* **TASK INSTRUCTIONS**: In the entries below, begin at the line with "美的(Midea)新风炎烤空气炸锅 家用大容量6.5L双热源免翻面 2025年新款蒸烤一体可视窗免洗自营KZC6519年货" and stop after the line with "I did Braineack's"; output those lines exactly and omit the pictures.

(SOURCE RECORDS Opens)

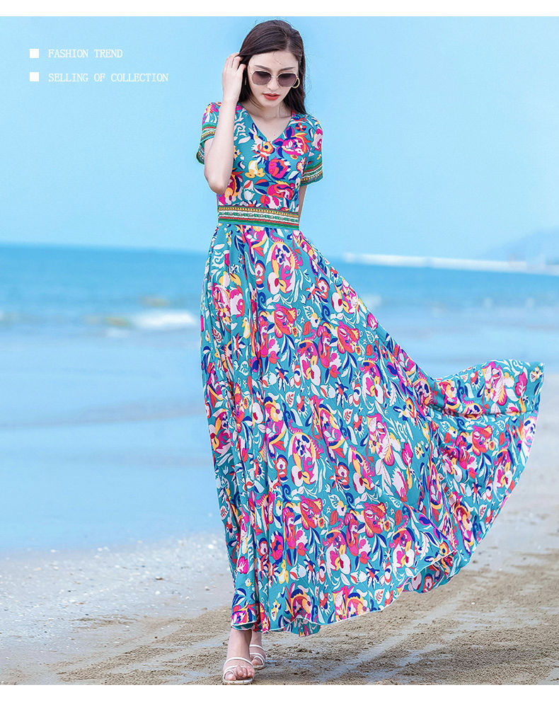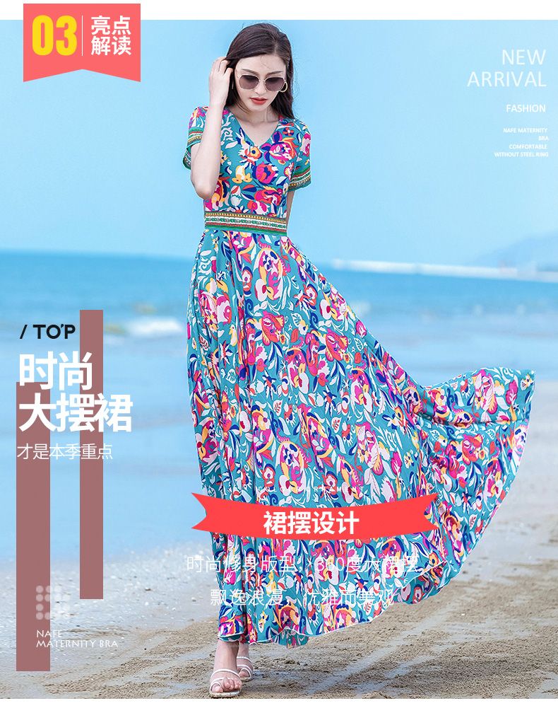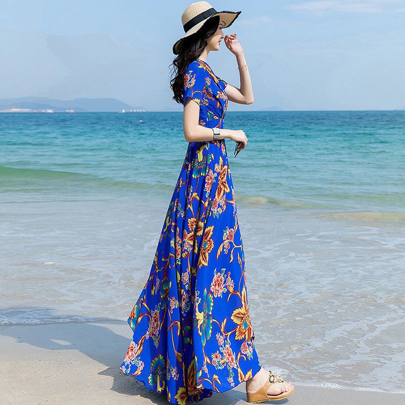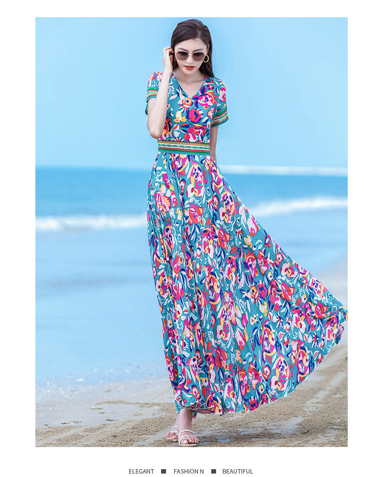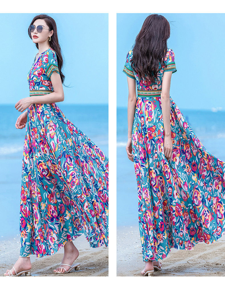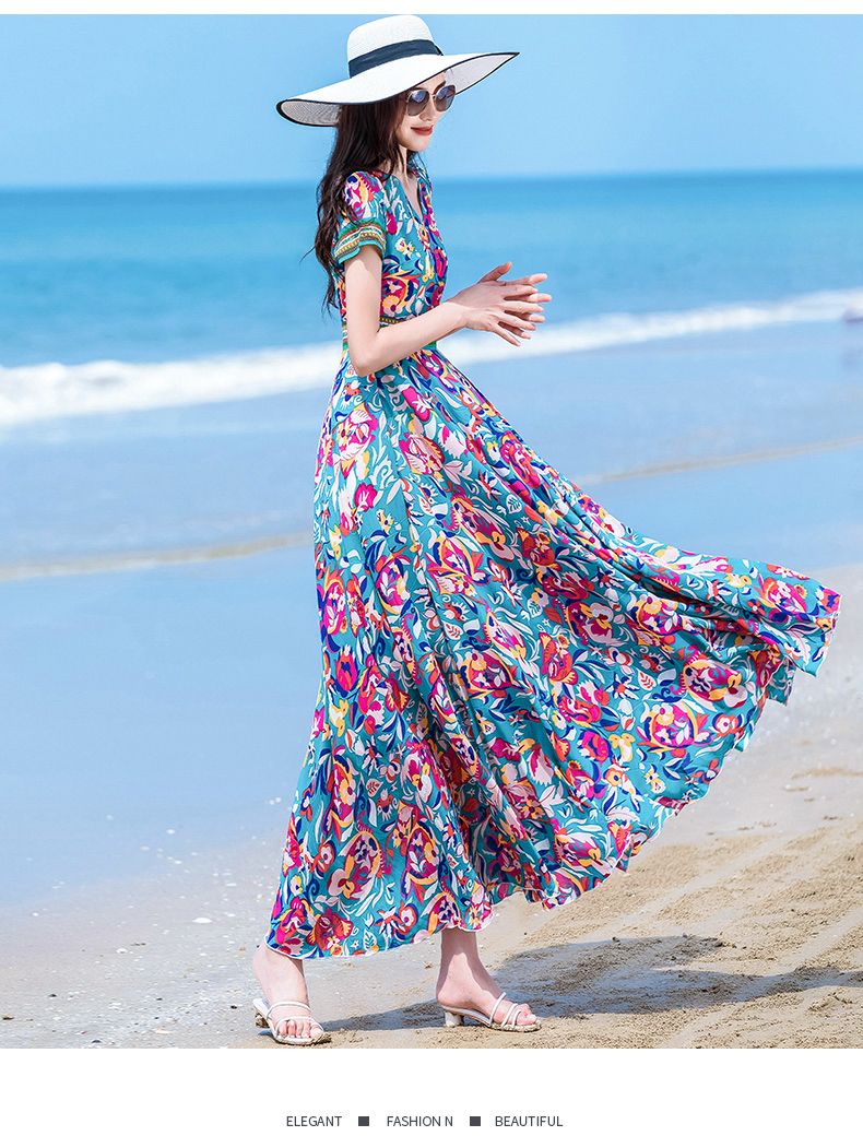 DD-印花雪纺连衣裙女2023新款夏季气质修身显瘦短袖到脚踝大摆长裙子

(SOURCE RECORDS Closes)
(SOURCE RECORDS Opens)

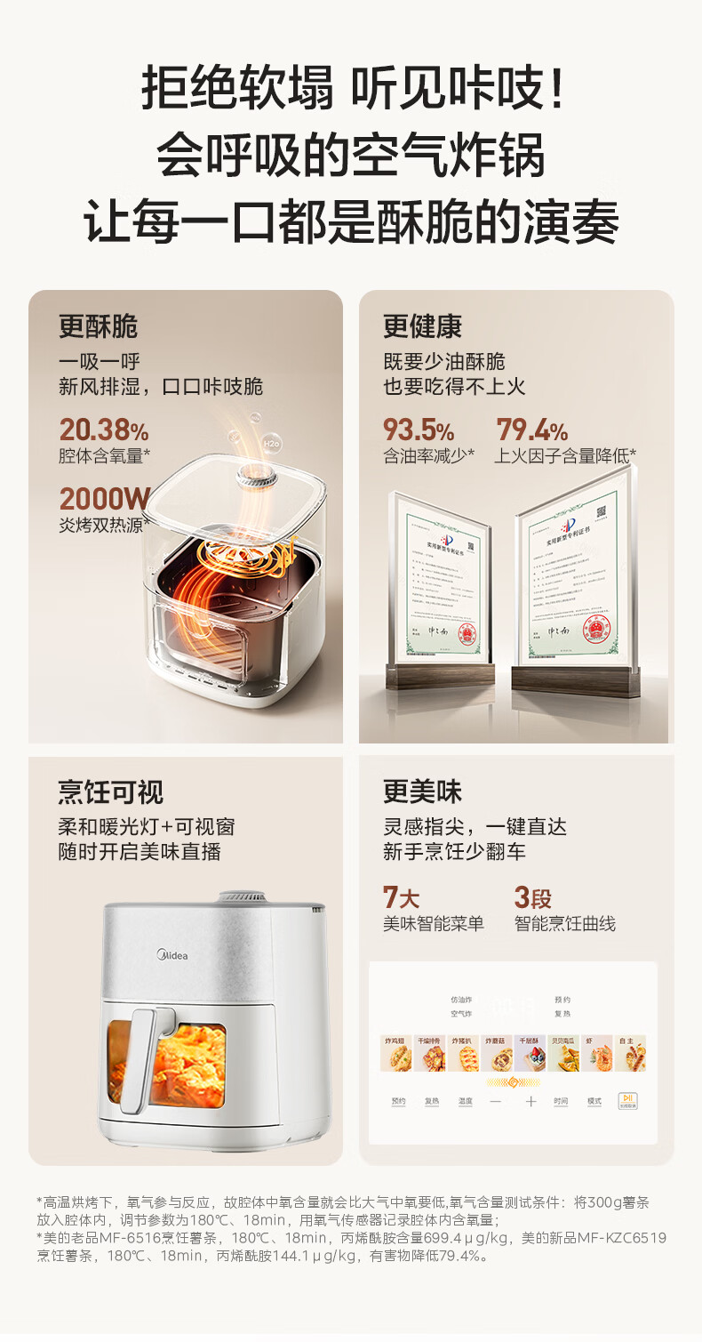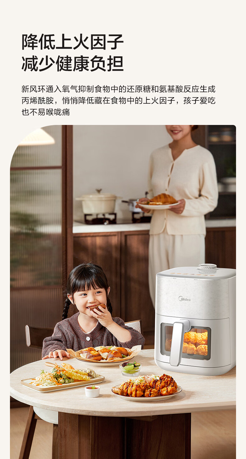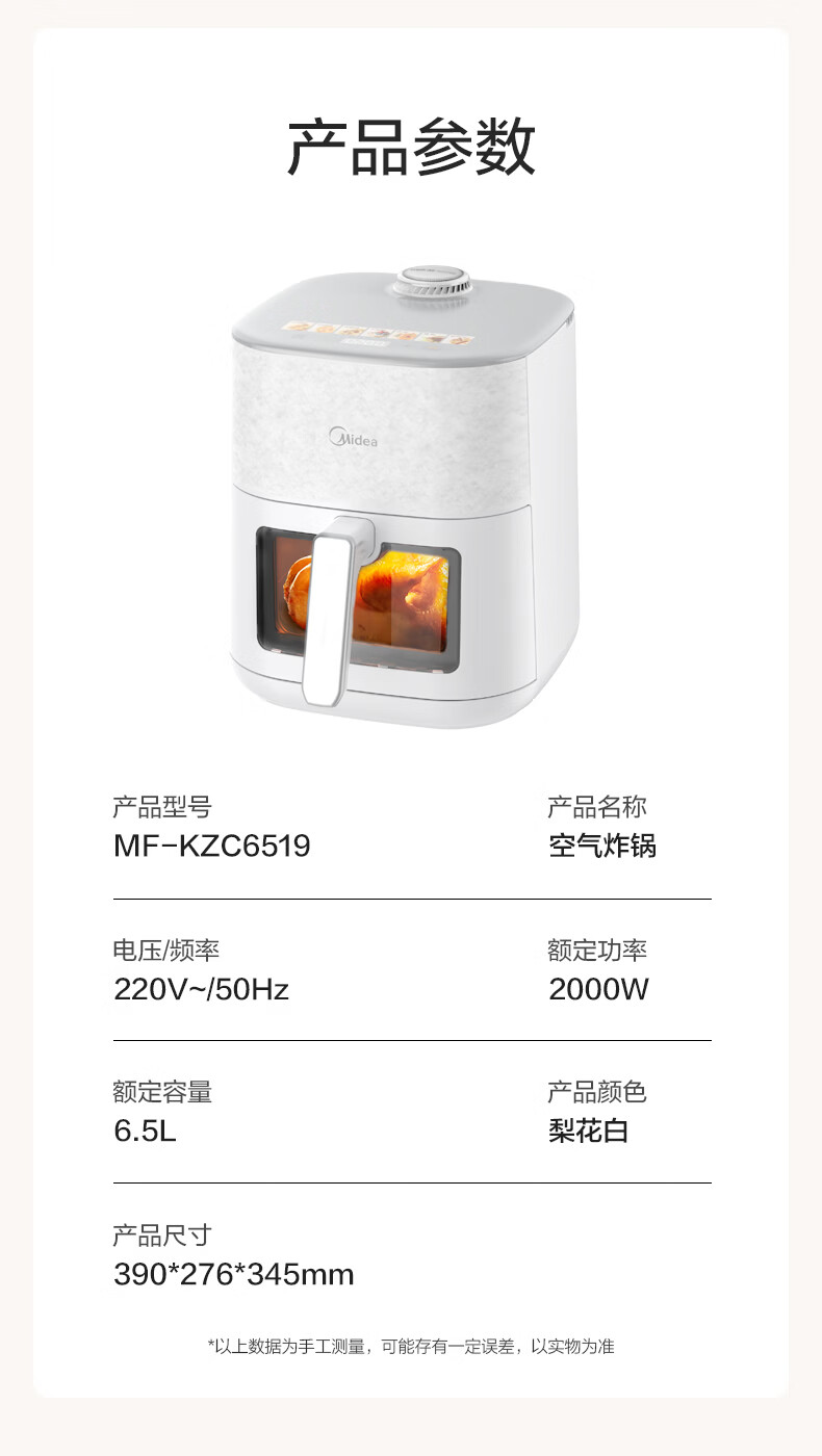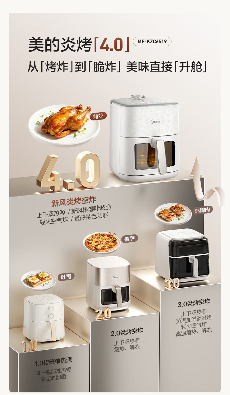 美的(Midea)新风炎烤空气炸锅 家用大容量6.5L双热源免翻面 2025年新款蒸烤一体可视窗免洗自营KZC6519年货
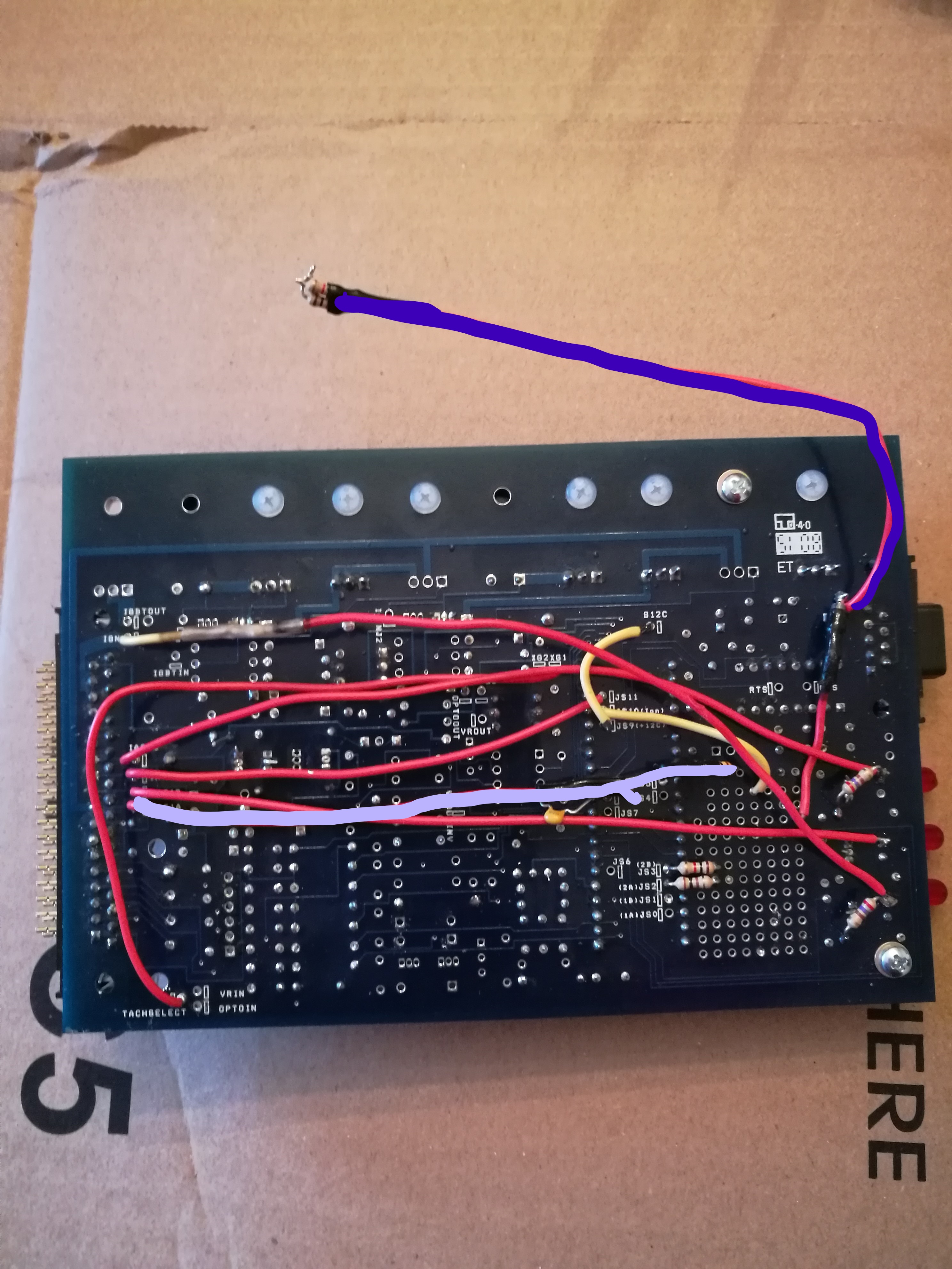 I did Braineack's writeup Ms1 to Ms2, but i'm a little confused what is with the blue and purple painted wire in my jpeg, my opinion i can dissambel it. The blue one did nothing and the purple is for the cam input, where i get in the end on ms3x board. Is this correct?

(SOURCE RECORDS Closes)

* **WRITTEN SOLUTION**:
 美的(Midea)新风炎烤空气炸锅 家用大容量6.5L双热源免翻面 2025年新款蒸烤一体可视窗免洗自营KZC6519年货
 I did Braineack's writeup Ms1 to Ms2, but i'm a little confused what is with the blue and purple painted wire in my jpeg, my opinion i can dissambel it. The blue one did nothing and the purple is for the cam input, where i get in the end on ms3x board. Is this correct?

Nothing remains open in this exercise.